THE GALVESTON TIDAL WAVE
For 50 years Galveston, Tex., had won countless battles with the sea. Then, right after one Labor Day, nature stopped fooling around. Hurricane-swept gulf waters sent million-ton waves hurtling shoreward. By midnight Galveston was a nightmare of devastation.
When: September 8, 1900.
Where: Galveston, Tex.
The Loss: 6,000 people died. Property damage exceeded $17 million.
The Disaster: At 10 A.M. on that fateful Saturday morning, 30,000 blase Galvestonians went through the motions of business-as-usual. From an overcast sky a drizzling rain fell. Undaunted, late vacationers buttoned their coats to lean into the rising wind and stinging rain as they watched an angry seething surf. The weather-station barometer had fallen to 29" of mercury. Sailors aboard ships in the harbor battened down hatches and reinforced anchor and mooring lines.
By lunchtime barometers were registering 28.5". Surf watchers moved back from the tormented Gulf as wave after angry wave broke higher and higher over the jetties. Rainfall increased in intensity. The skies became darker and the damp cold of 20-mph winds penetrated the watchers' clothing, forcing them to seek shelter.

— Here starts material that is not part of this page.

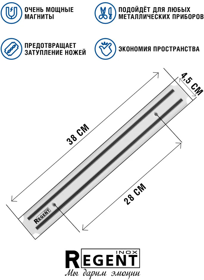 💳 Оплатить за товар можно при получении 🇰🇿 Есть бесплатная доставка по Казахстану от 1 дня 🎁 Копите бонусы с каждой покупки Серия: Forte Удобная настенная магнитная планка для ножей Regent Inox произведена из пластика и нержавеющей стали, которые не вступает в реакцию с другими изделиями. Изделие отличается стильным современным дизайном, функциональностью и удобством. Магнитный держатель предназначен для фиксации ножей и других металлических кухонных аксессуаров в наиболее удобном месте рабочего кухонного пространства. |

This scene had repeated itself many times, less ferociously, from 1836 when Michael B. Menard began the 1st development on Galveston Island, a narrow sandbar 25 mi. long by 2 mi. wide. Natives were familiar with seasonal storms and paid them little heed. But as Saturday wore on to 3 P.M. winds had increased to gale velocity. Joseph and Isaac Cline, weather-bureau men, knew this was no ordinary storm.

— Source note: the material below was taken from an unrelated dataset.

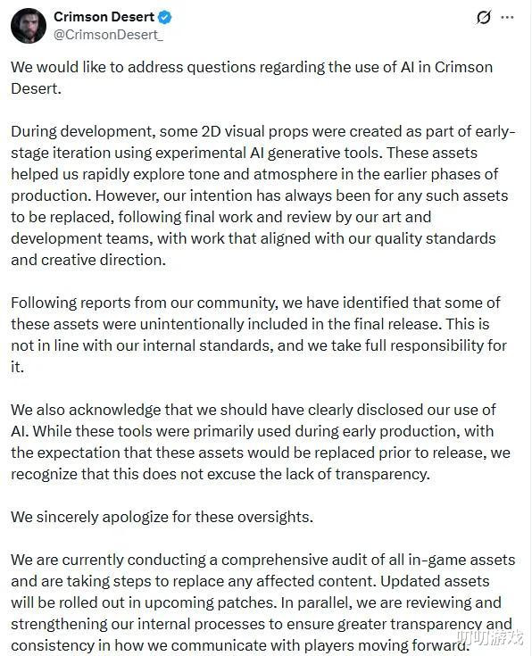 8、《红色沙漠》光速滑跪,承认使用ai并将改正

Streets in Galveston were awash with seawater. Increasingly high waves battered warehouses a block or more inland from the Gulf. Joseph Cline climbed gingerly to the top of the Levi Building. His weather instruments, a rain gauge and anemometer, had gone with the wind. He clutched a safety railing for support and looked down from his high perch to note that half of Galveston was under water.
Richard Spillane, editor of the Galveston Tribune, later recalled: "To go out on the streets was to court death. Cisterns, portions of buildings, telegraph poles, and walls were falling. The noise of the wind and crashing of buildings was terrifying in the extreme. The people were like rats in a trap."